More often than not, however, a collaboration has the potential to create music that you might not otherwise be able to complete on your own. And that can be true even if, in addition to collaborating, you’re a successful solo songwriter.
So to state it simply, a collaboration makes sense if:
- you can come up with ideas, but are missing all the bits that make a song complete;
- you love improvising on ideas that other songwriters create;
- you love hearing what other songwriters can do with your own musical ideas.
If you are considering pursuing a songwriting partnership, or have been asked to collaborate with someone else to write new songs, here are some things to keep in mind:
- Copyright is always equally shared. There is never a situation where, because you wrote most of a song, you should enjoy most of the copyright.
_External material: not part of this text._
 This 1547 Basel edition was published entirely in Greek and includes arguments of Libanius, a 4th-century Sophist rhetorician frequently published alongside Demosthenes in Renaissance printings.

Regardless of who came up with how much of what, a two-person authorship results in an equally-shared copyright.
- Performance and mechanical rights (royalties) can be allocated according to who did how much. If you’ve written most of a song, with a collaborator contributing a line or two of lyric for example, you may come up with an agreement that allows for you to receive the bulk of the royalties (assuming the song is recorded and makes money.)
- Equally-shared royalties is always the best way to go. Unless you’ve got a reason for coming up with complex formulas for each song, it’s best to avoid potential hassles and agree to a 50-50 split of everything. Sure, you may have done the bulk of the songwriting for one particular song, but assuming you’ve got a solid partnership going, the next song may have you being in a much less prominent role. It likely will all even out.
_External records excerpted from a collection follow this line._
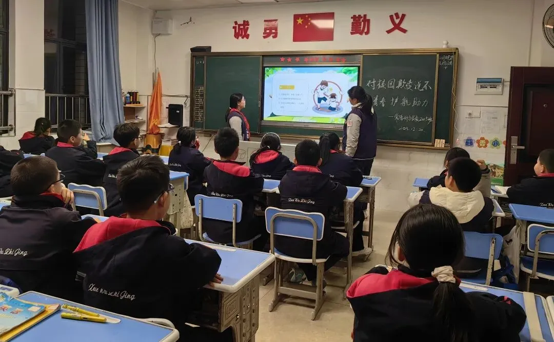 为聚焦品德养成与心理成长核心目标,12月小学部分层开展多元化主题班队会:以 “方寸之间有规矩,言行之中见品格” 主题规范教育、《管住自己我能行》心理辅导为抓手,强化学生规则意识与自律能力;以《语言美才是真的美》文明用语心理健康课、“对校园欺凌说不,为青春护航助力”防欺凌主题班会为载体,培育学生文明素养与自我保护观念;以“亿山河破碎,惜岁月静好”“寒雪傲梅守安全,师生同心筑防线”主题活动,切实丰富学生精神世界,厚植品德根基。
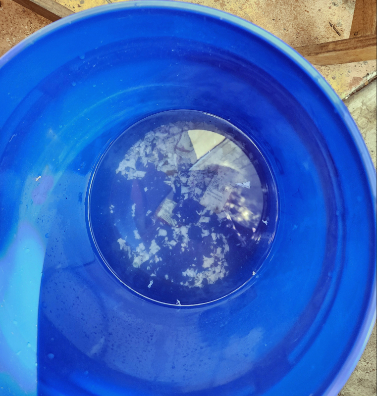 Figure 06. If you decide to remove the label from the jar, it’s easier to do if you soak the label first. If you have a bucket, it’s easier to keep your sinks free for other uses. I had time to soak the jars overnight, but if you don’t, any amount of time soaking will make removal easier.
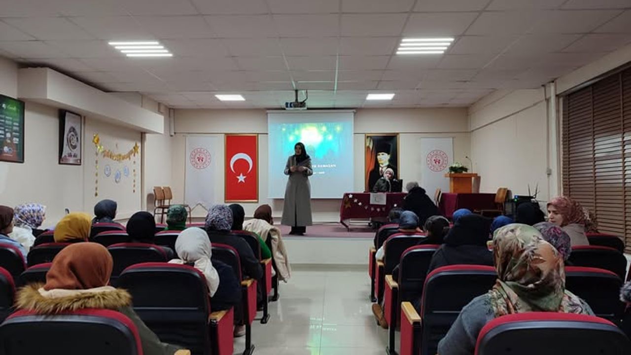 Etkinlikte Odunpazarı İlçe Vaizi Dr. Tuba Kevser Şahin, öğrencilere yönelik kapsamlı bir sunum yaptı.
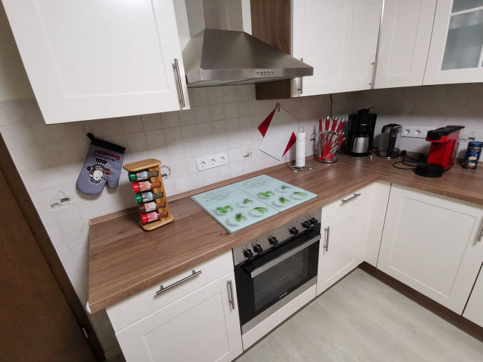 De keuken is top uitgerust met alles wat U nodig heeft voor het koken. Ook nog een eettafel met 4 stoelen.
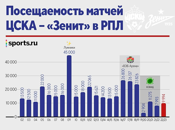 Всего на стадион зашли 9974 человека. Это новый лучший результат для Fan ID в Москве, но худший для матча ЦСКА – «Зенит» в новейшей истории без учета ковида. Хотя даже в ковидном сезоне-2020/21 на дерби в Москве пришли 11 тысяч. С 2002 года и на «Лужники», и на стадион «Динамо», и на «Арену Химки» приходило больше 10 тысяч.
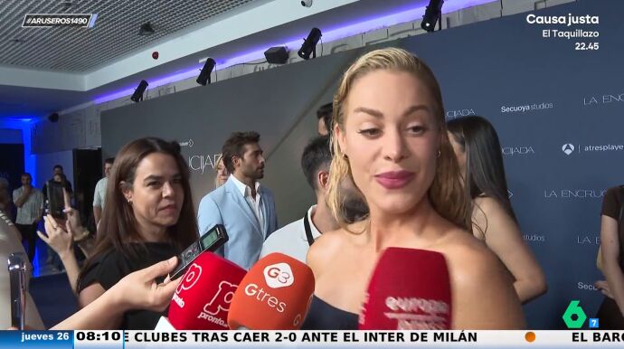 Preguntada, además, por cómo se encuentra Alejandro Sanz, Candela Márquez responde de forma algo ambigua: "Está muy bien". "¿Nada de crisis?", pregunta la reportera a la actriz, que insiste: "Les agradezco mucho, está muy feliz, muy bien".

- Start a partnership with a one-song project. Before you agree to an ongoing collaboration, you need to know that your potential artistic partner is a good one. It’s OK — perhaps even advantageous — if you have strengths that differ from your collaborator. Mutual respect, compatible working practices, enjoyment level… these are all things that need to be weighed carefully before you commit to a more permanent arrangement.
- Get it in writing. Describe your partnership in words, and get it on paper for both (or more) of you to sign. Describe every possible eventuality. Are you still both free to write solo? Do you share royalties evenly? If this is a two-person agreement, can you bring a third person in for any one project? How does that affect things? These aren’t overly tough questions, but it’s best to have it all in writing, with all collaborators signing it.
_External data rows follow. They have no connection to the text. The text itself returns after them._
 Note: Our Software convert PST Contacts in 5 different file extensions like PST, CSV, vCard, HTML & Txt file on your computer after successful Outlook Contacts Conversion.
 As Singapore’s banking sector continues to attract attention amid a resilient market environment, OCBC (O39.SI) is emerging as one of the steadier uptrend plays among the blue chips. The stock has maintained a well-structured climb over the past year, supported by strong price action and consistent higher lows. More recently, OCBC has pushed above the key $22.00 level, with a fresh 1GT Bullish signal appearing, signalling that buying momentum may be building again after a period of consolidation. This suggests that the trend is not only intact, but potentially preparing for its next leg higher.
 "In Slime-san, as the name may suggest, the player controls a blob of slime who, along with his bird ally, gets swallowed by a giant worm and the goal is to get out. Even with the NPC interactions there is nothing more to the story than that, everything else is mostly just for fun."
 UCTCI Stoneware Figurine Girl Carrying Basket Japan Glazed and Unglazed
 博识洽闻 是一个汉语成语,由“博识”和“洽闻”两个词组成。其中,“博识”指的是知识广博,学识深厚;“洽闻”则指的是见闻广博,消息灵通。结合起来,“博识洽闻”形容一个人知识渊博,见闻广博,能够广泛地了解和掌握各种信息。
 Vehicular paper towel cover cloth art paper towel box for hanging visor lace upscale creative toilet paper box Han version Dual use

A collaboration works best if you feel that you’re getting something out of the partnership that would be difficult to achieve otherwise.
Don’t feel pressured, and don’t jump into a collaboration simply because it takes you a long time to write songs. Songs that take weeks, months or longer to complete is not typically an indicator that you’re having troubles on your own. Sometimes writing a good song simply takes a bit of time.
But if you enjoy hearing what others might do with your song fragments, or if you love experimenting with other songwriters’ ideas, a collaboration might be part of a creative process that you’ll find rewarding and enjoyable.